Сказать мне было абсолютно нечего. Будь я сам свидетелем происшедшему, тогда другое дело. А так, со слов… В общем, рассказанное Сережкой, меня, к его удивлению, не взволновало нисколько. Верить-то ему я верил, но примерно так, как иной раз веришь прочитанному: мало ли, мол, что бывает.

— Да черт его знает. Вообще-то похоже на сдвиг времени.

— Слушай, если бы не эта штука, — Сережка щелкнул по отполированному древку, — я бы сам поверил, что этот Одиссей, Язон или еще какой-то там древний грек мне привиделся… Сдвиг во времени… Ты мне лучше скажи, как это может быть:

он ведь кинул колье две тысячи лет назад, а оно чуть не продырявило голову мне? Как это может быть?

— Вообще-то этого быть не может, — сказал я, но, увидев, что Сережка мгновенно нахмурился, поправился: — До сих пор, во всяком случае, не бывало. Но теоретически представить можно так: возьми лист бумаги и нарисуй две точки в разных концах. Расстояние между ними может быть каким угодно большим — все зависит от величины листа. Но сложи лист пополам так, чтобы точки совместились, и расстояние практически исчезнет. Кстати говоря…

В передней звякнул звонок. Сережка пошел открывать. Из прихожей послышался Машин голос. Я прислушался.

— Вы уж извините, Сергей Григорьевич. Боюсь, не заболел ли мой оболтус: плетет что-то непонятное. Так я подумала…

— Давайте его сюда.

— Где, говорю, эту штуку взял? А он: приснилась! И так, и сяк…. может, подарил кто-нибудь, спрашиваю, или, не дай бог, стащил где-нибудь? А он свое: приснилась, и все! Ну, что ты с ним будешь делать!

— Да вы заходите, — сказал Сережка. — Что, так и будем через порог разговаривать?

— Вы уж посмотрите его, Сергей Григорьевич, а я сбегаю к себе, керогаз горит.

— Ладно, ладно, — успокоил ее Сережка, — сейчас посмотрим.

— Ну, заходи, старик, — говорил он, легонько подталкивая неожиданного пациента.

Васька робко поздоровался со мной и потупился.

— Ну-ка, клади свое богатство сюда,-скомандовал Сережка, — и садись.

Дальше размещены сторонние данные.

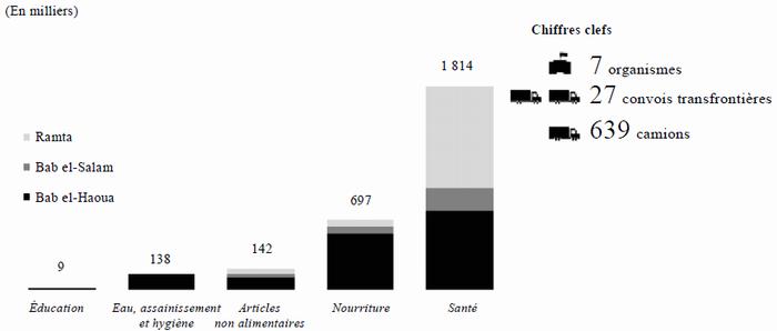 4) Quelque 697 000 bénéficiaires ont reçu une aide de l'ONU et de ses partenaires dans le cadre d'opérations transfrontières organisées à partir de la Jordanie et de la Turquie.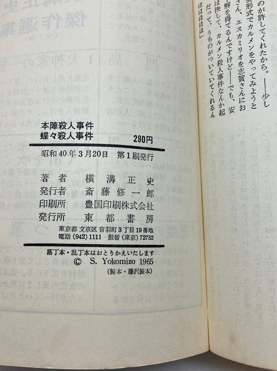 横溝正史傑作選集4 本陣殺人事件・蝶々殺人事件 昭和40年 東都書房 新書サイズ

Васька поставил на краешек стола квадратный ящичек матово-серого цвета и застыл столбом. Но доктор Сергей Григорьевич не подкачал. И через минуту Васька стал рассказывать охотно и подробно. По его словам, дело было так. Сидел себе парень за столом и честно готовил уроки. Вдруг что-то как трахнет! (Сережка быстро взглянул на меня). Когда струхнувший Васька огляделся, он увидел, что сидит в какой-то совершенно незнакомой и очень большой комнате, опутанной разноцветными проводами, как паутиной. Какие-то люди в белых водолазках (Васькино определение) щелкали выключателями, беззвучно переговаривались и вообще вели себя спокойно, хоть и не очень понятно. Один из них, не обращая никакого внимания на Ваську, поставил перед ним на стол небольшой ящичек и отошел. Васька совершенно успокоился, поскольку ему стало абсолютно ясно, что все это снится. Он с интересом разглядывал незнакомую обстановку и даже собрался походить по комнате, но тут, к сожалению, что-то снова грохнуло, и он проснулся. А проснувшись, увидел, что ящичек по-прежнему стоит на его столе, только почему-то съехал к самому краю. В общем, на тот счет, что ящичек достался ему из собственного сна, у Васьки не было никаких сомнений, потому он и объяснил матери коротко и, на его взгляд, исчерпывающе точно: приснился…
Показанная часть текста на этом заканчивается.